Alongside habitation by the Shoshone and other indigenous peoples, European explorer Michel Bourdon discovered Cache Valley c.1818 during a MacKenzie fur expedition. The valley was subsequently used for the second of the annual gatherings of mountain men. Many of the trappers who worked in the valley came from the Hudson's Bay Company, the Northwest Fur Company, and the Rocky Mountain Fur Company. The name "Cache Valley" was derived by the fur trappers who hid their trading goods in caches in that region. The use of caches was a method used by fur traders to protect their goods from theft and damage.

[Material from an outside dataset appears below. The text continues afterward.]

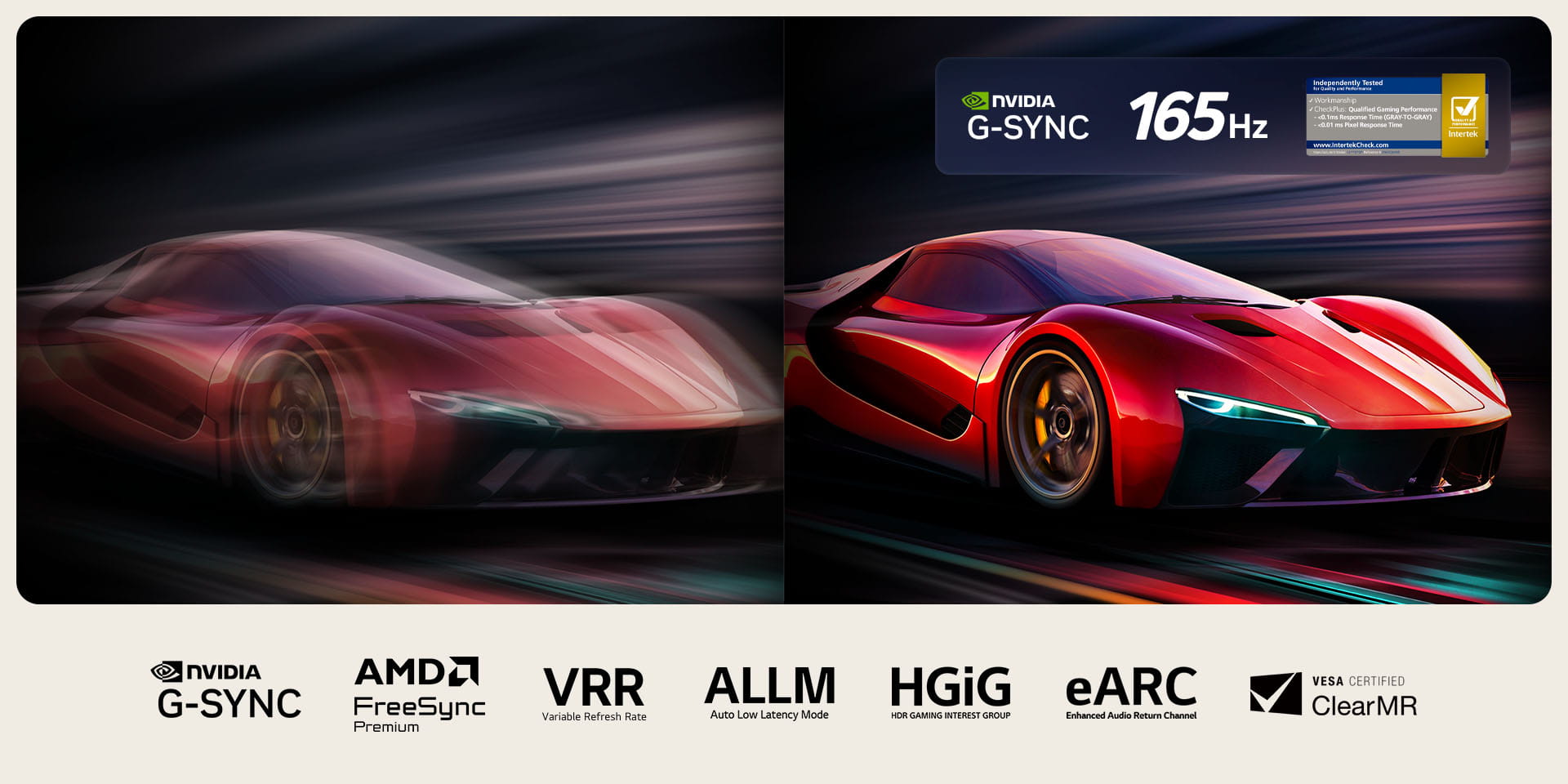 Experience peak gaming with G-Sync compatibility, 165Hz VRR, Intertek-certified 0.1ms response time, AMD FreeSync Premium, and ClearMR 10000 certification. Get your game on without lag or motion blur.

Latter-day Saint William Gardner became the first Anglo-American permanent settler in 1852. Prior to the Mormon selection of the Salt Lake Valley, Jim Bridger had recommended Cache Valley due to its relative abundance of fresh water. A Mormon settler group led by Peter Maughan arrived via Box Elder Canyon and Wellsville Canyon (commonly referred to as Sardine Canyon) in July 1856 and additional settlers arrived on September 15.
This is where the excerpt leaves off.